A bill by Sen. Gray Tollison, R-Oxford, is now in the House after the Senate passed it last week. Tollison's bill would allow for "open-enrollment charter schools," or schools that do not start from an existing public school.
Republicans have tried unsuccessfully to pass similar legislation in years past, but right now, Mississippi only allows schools to get charters if they are rated low performing or lower for three consecutive years. Then, at least half of the parents at the school must petition the state Board of Education to create a charter school.
Proponents of charter schools, like Tollison, say they clear the way for innovation needed to revive America's educational system, such as longer school days and greater freedom in hiring teachers. Tollison, who is also the chairman of the Senate Education Committee, said although the state does offer schools and districts quite a bit of freedom under the current laws, charter schools would be more likely to make needed reforms quickly.
"Any large system like our public-school system is slow to adopt change, whereas a smaller system with this charter concept is quicker to adopt change," he said. "If a teaching method's not working, they go back and figure out what does work."
At a conference last week, Marian Wright Edelman, founder and president of the Children's Defense Fund, said charter schools are not the one solution that will fix the public-school system.
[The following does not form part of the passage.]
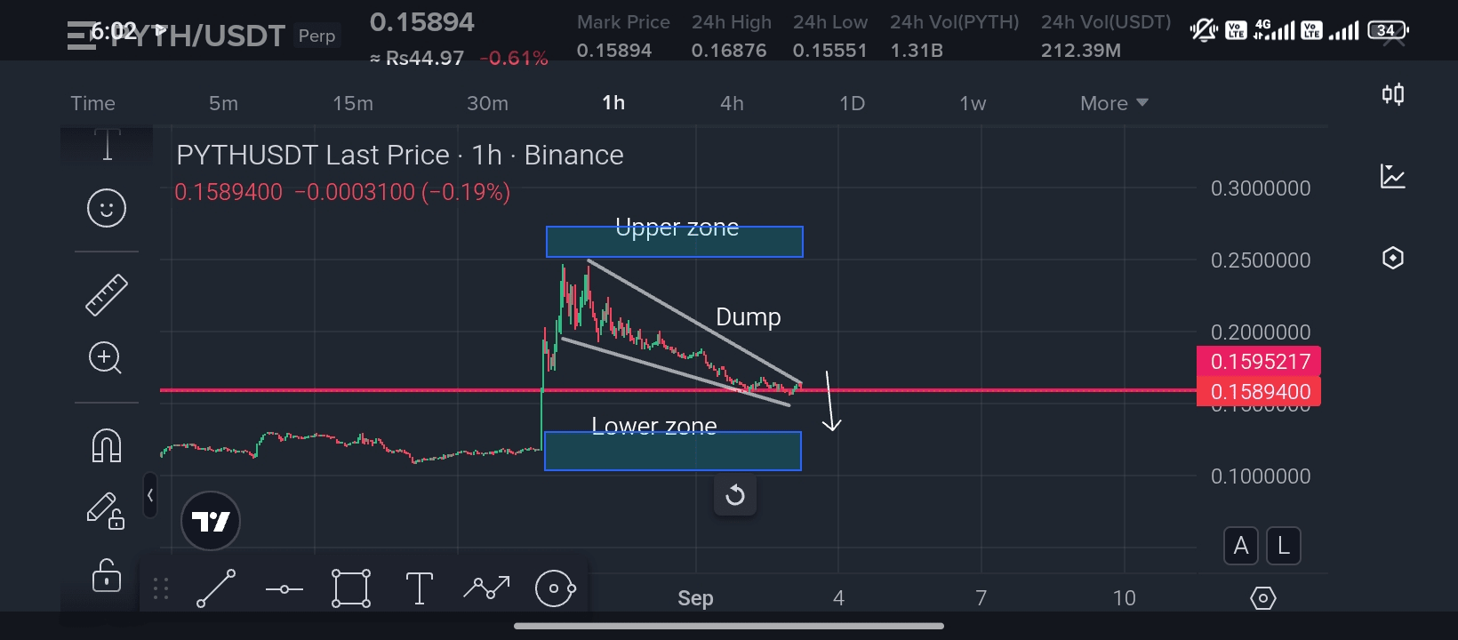 Traderi, ochii aici 👀 – PYTH a arătat un model clasic de canal descendent după pomparea sa bruscă și dump-ul ulterior. Să analizăm acest lucru:

"I'm for high-quality public schools, whether they're charters or traditional public schools," she said. She also said that charter schools should serve children who are already in the public-school system, rather than becoming a publicly funded replacement for private schools.
"I'm not against charters as a 10-percent solution to provide competition for the public schools, where most of the children are always going to be. ... But (we're going to) have to be very, very careful to make sure that the charter legislation is not a back-door way of getting public funds to private, segregated academies."
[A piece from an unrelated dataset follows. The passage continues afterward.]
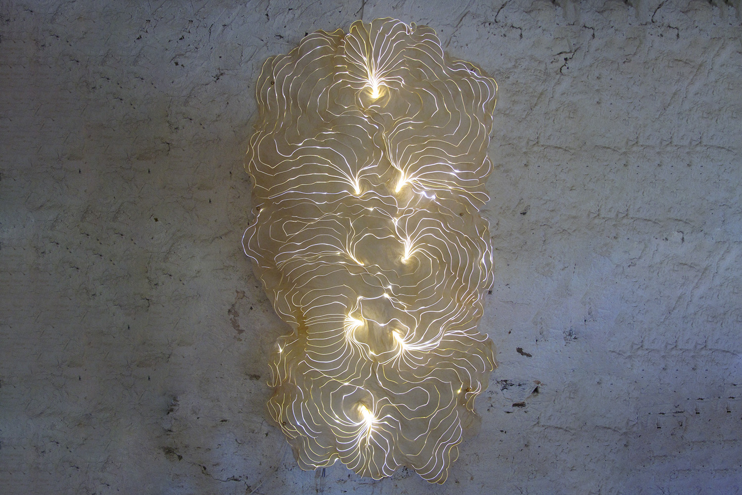 Wall-mounted light sculpture with opulent shapes of handcrafted paper in ivory white, with white light designs, and the option of a remote-controlled animated backlight in various colours.
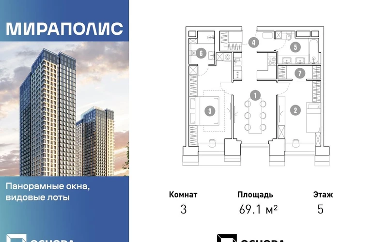Продаются 3-к апартаменты площадью 69.1 кв.м. на 5-м этаже 33 этажного дома в ЖК "Мираполис" от ГК ОСНОВА. МИРАПОЛИС - проект для тех, кому важно, чтобы под рукой было всё для работы, отдыха и жизни. Проект состоит из четырех башен с авторскими стеклянными фасадами и lounge-rooftop под открытым небом. С высоты птичьего полета резиденты будут наслаждаться видами на город и расположенные рядом парки: "Лосиный остров", "Сокольники", "Ботанический сад", "Сад будущего" и "ВДНХ". МИРАПОЛИС расположен в 3 минутах пешком от МЦК "Ростокино". За 5 минут - можно добраться до ст.м. ВДНХ на машине, а быстрый выезд на главные транспортные магистрали (ТТК и Проспект мира) позволит доехать на личном авто до центра Москвы за полчаса. В просторных лобби с дизайнерской отделкой продуман круглосуточный консьерж-сервис, приватные зоны с мягкой мебелью и комнаты для мытья лап питомцам. Панорамные окна и потолки высотой 3,1 м, а система "умный дом" значительно упростит жизнь резидентам и автоматизирует бытовые процессы. Концептуальный проект предлагает все преимущества бизнес-класса: подземный паркинг, торговый центр и супермаркет, фитнес-клуб, бассейн и SPA, офисы и коворкинги - всё для полноценной и комфортной жизни в столице.О застройщике

Oleta Fitzgerald, director of CDF's Southern Regional Office, said she is working with several groups, such as the NAACP, that want to limit charter schools to those that are converted from low-performing public schools, rather than allowing outside entities to get charters to start new schools.
"There's been a sea change in the Capitol, and we don't have a lot of influence in some quarters," she said.
Fitzgerald is also unhappy about the makeup of the education committees in the Legislature, where she said some of the most experienced lawmakers lost their chairmanships under new Republican leadership.
"We have people now making policy that don't know what they're talking about," she said.
Tollison said he based his bill on model legislation from the National Alliance for Charter Schools and tried to take the best practices from different states around the country. He also said that if charter schools don't have support and buy-in from the community, charters won't be able to locate there.
"You have to have community buy-in. The whole concept is, you're educating students in that community," he said. "If parents don't want a charter school in their community, it's not coming. It's not like they're going to go set up in a place they're not wanted."